Last April I ran this small, little story and since then, it has gotten a lot of interest. Therefore, I'm running it again for those of you heading out to Las Vegas for the New Year and would like an extra punch of motivation at the crap tables.
The California Hotel and Casino in downtown Las Vegas, Nevada, has a wall of plaques dedicating craps players who have had long rolls. The long roll players are called Golden Arms. This illustrious handle started in 1989 when Stanley Fujitake held the dice for over three hours for 118 rolls. There is also a cast of Fujitake's arm on the casino floor.
The Fujitake roll started shortly after midnight on May 28, 1989. The quiet man from Hawaii was to set in motion the Golden Arm.

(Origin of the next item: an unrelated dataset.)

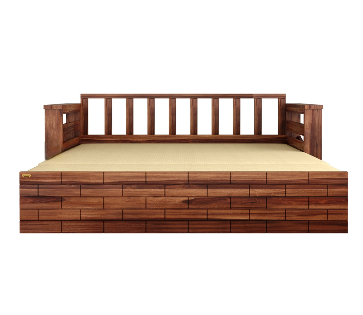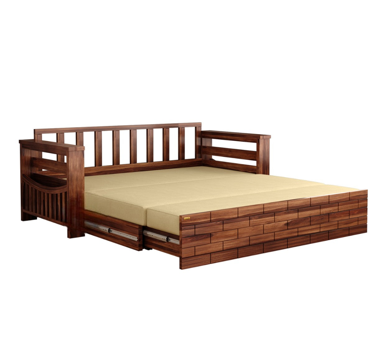 This functional piece is a wooden sofa cum bed that seamlessly combines the utility of seating and a sleeping surface, making it ideal for multi-purpose rooms. The frame features a classic design with a slatted high backrest and sturdy vertical-slat wooden armrests. The large, neutral-colored mattress provides a generous seating area that easily extends to become a comfortable bed. For added functionality, it incorporates a magazine or storage rack built into the left armrest and includes a discreet pull-out storage drawer beneath the main body, efficiently maximizing space in compact living environments. The look is softened by two accent pillows with a light, leafy pattern.

The California had a rule that the casino manager, John Repetti, was to be called (at anytime) when excessive losses were incurred on any casino game.

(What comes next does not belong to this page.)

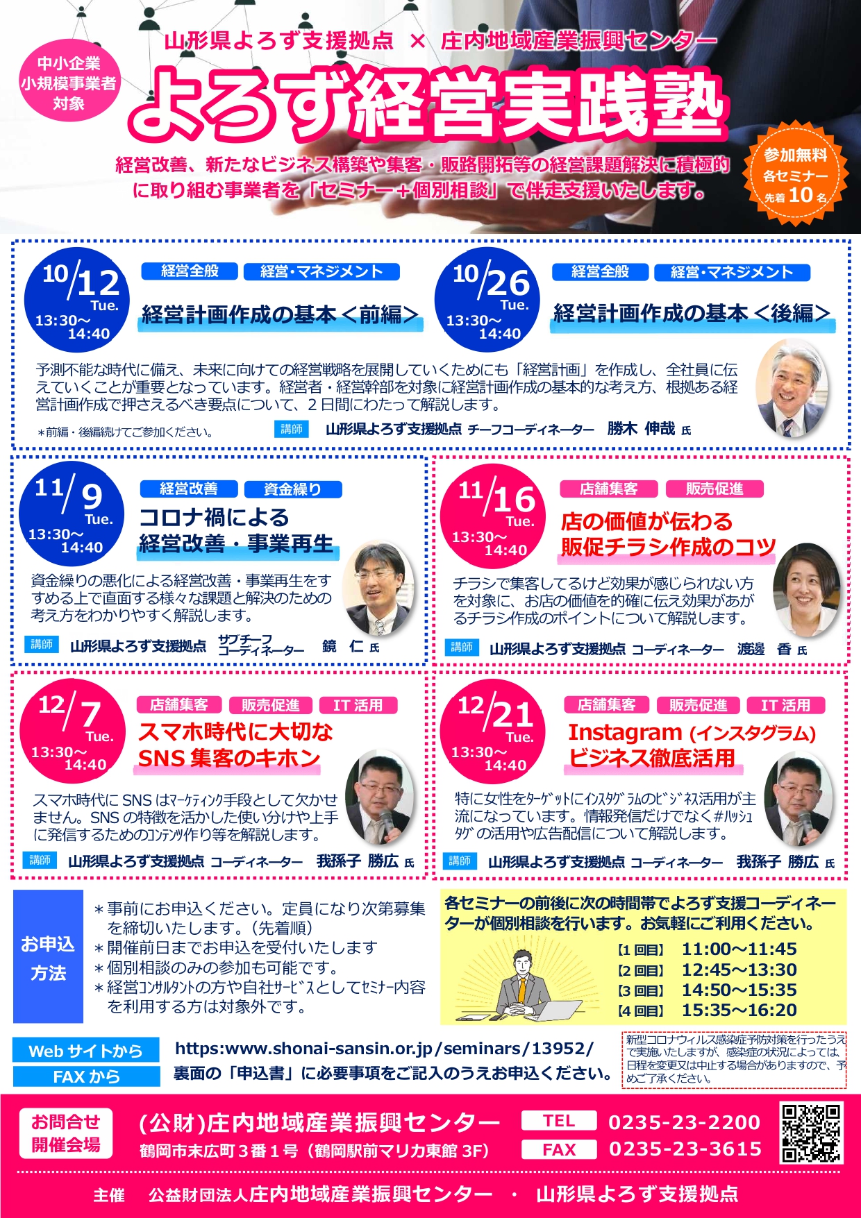 公益財団法人庄内地域産業振興センターと山形県よろず支援拠点の主催による「よろず経営実践塾」が開催されます。

After shooting the dice for an hour, Repetti got the first call at home. The casino was down over $200,000. Repetti advised the pit to call when losses mount to $100,000 intervals. The next call came fifteen minutes later, then another fifteen minutes later, and then another fifteen minutes later. After the fifth call Repetti decided to get dressed and go to the casino.
The numbers on the crap table were completely packed with chips that the numbers could not be seen. Naturally, the table was also packed four deep. The action was heavy and the casino was now out of $1,000 chips. Fujitake's roll finally ended after three hours and six minutes. The California had lost over a $1 million from that table that night.
If you are heading to Las Vegas this weekend and you have been prepping your shooting arm, get plenty of rest--you just might be the next Fujitake. Your mission: 119 rolls.